> _TASK INSTRUCTIONS_
Copy nothing past the line containing "Boydan Düğmeli Cepli Kot Ceket -Buz Mavi". Transcribe every line of the listing below up to and including it, from the first, except pictures.

> _SUPPLIED ENTRIES_
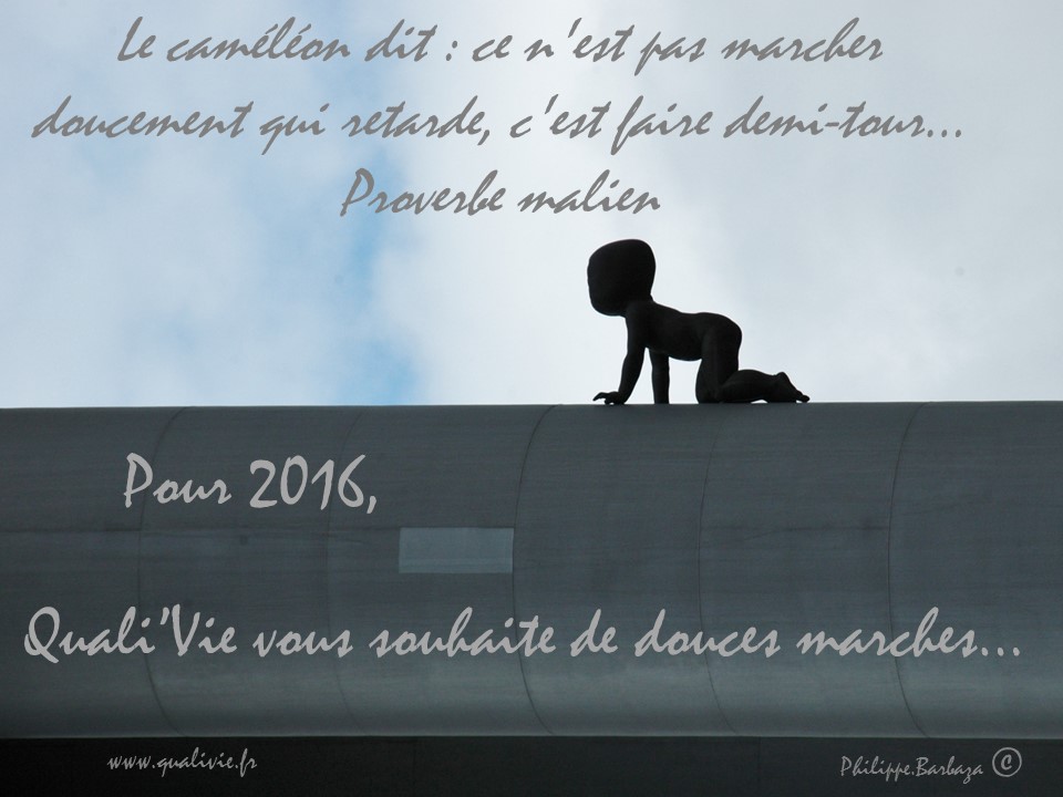 Quali’Vie vous souhaite une très belles année 2016, pleine de sérénité et de douces marches en avant… Philippe Barbaza Catégorie : Voeux1 janvier 2016Étiquettes : Voeux Quali'VieArticles prochesDe beaux rêves accomplis pour 2025 !…1 janvier 2025De nouvelles couleurs pour 2024 !…1 janvier 2024Beauté au détour des chemins de 2023 !…2 janvier 2023Partages et abondance pour 2022 !…3 janvier 2022De nouvelles routes pour 2021…1 janvier 2021Ouvertures pour 2020…1 janvier 2020
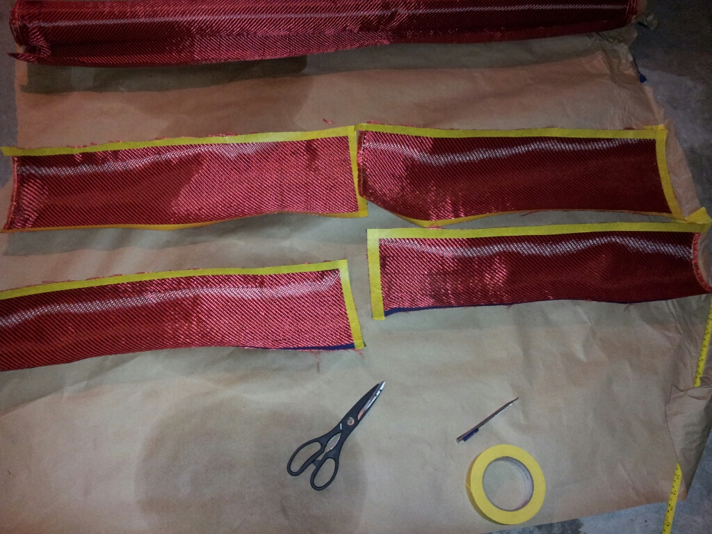 I would've done this in fiberglass too but I didn't have any, but I did have some raw carbon fiber left over from another project. I cut 4 strips, the taped border is so the material doesn't fray.
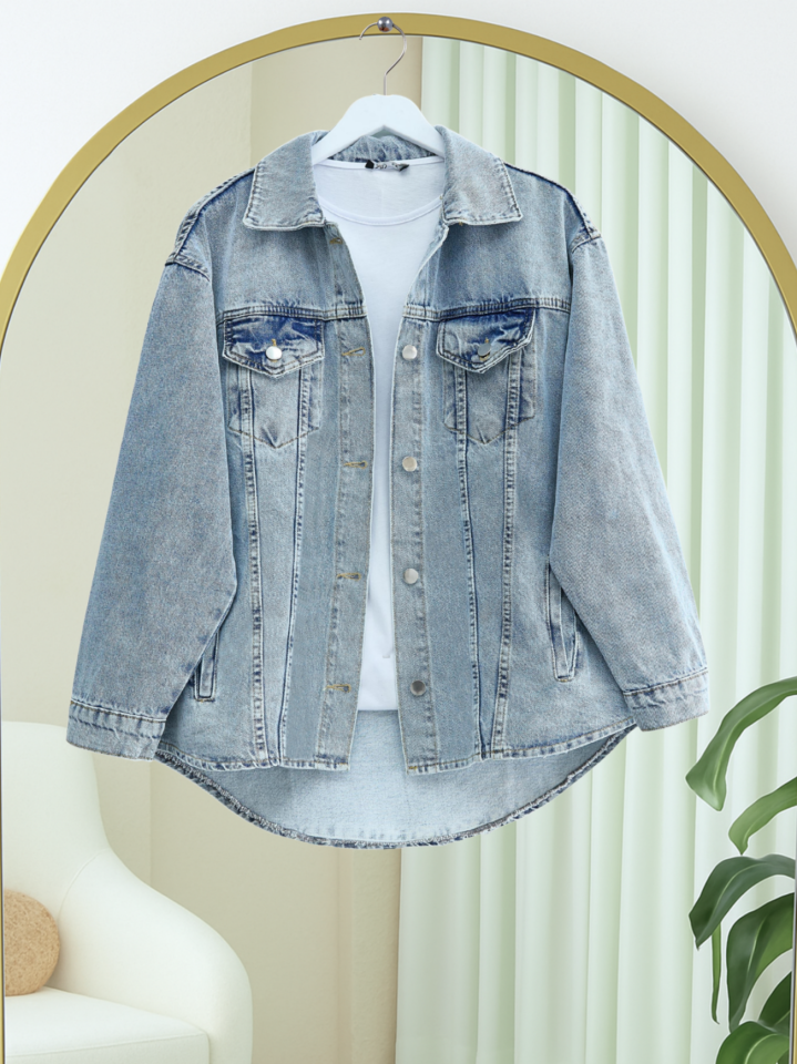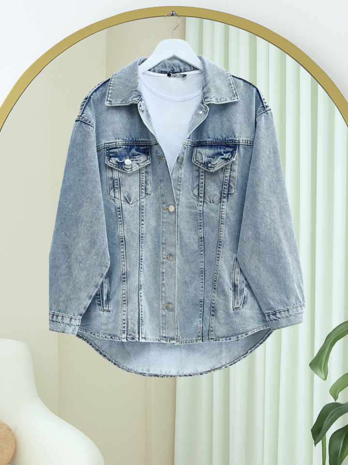 Boydan Düğmeli Cepli Kot Ceket -Buz Mavi
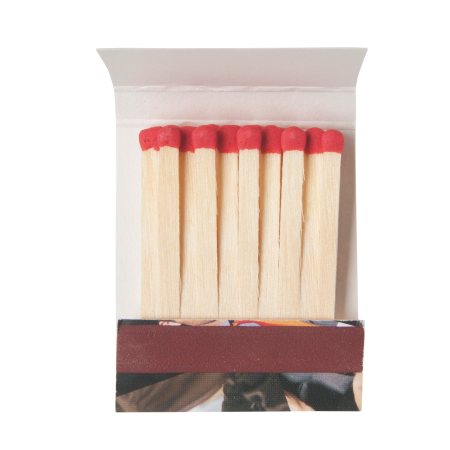 Lucifermapje met 20 kleine lucifers,UV lak met full colour opdruk, 50x53x5 mm
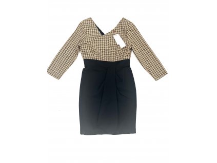 Hnědo zlato černé pouzdrové šaty vhodné do práce jako součást business casual od značky Rinascimento Malý rozparek vzadu

> _TASK ANSWER_
 Quali’Vie vous souhaite une très belles année 2016, pleine de sérénité et de douces marches en avant… Philippe Barbaza Catégorie : Voeux1 janvier 2016Étiquettes : Voeux Quali'VieArticles prochesDe beaux rêves accomplis pour 2025 !…1 janvier 2025De nouvelles couleurs pour 2024 !…1 janvier 2024Beauté au détour des chemins de 2023 !…2 janvier 2023Partages et abondance pour 2022 !…3 janvier 2022De nouvelles routes pour 2021…1 janvier 2021Ouvertures pour 2020…1 janvier 2020
 I would've done this in fiberglass too but I didn't have any, but I did have some raw carbon fiber left over from another project. I cut 4 strips, the taped border is so the material doesn't fray.
 Boydan Düğmeli Cepli Kot Ceket -Buz Mavi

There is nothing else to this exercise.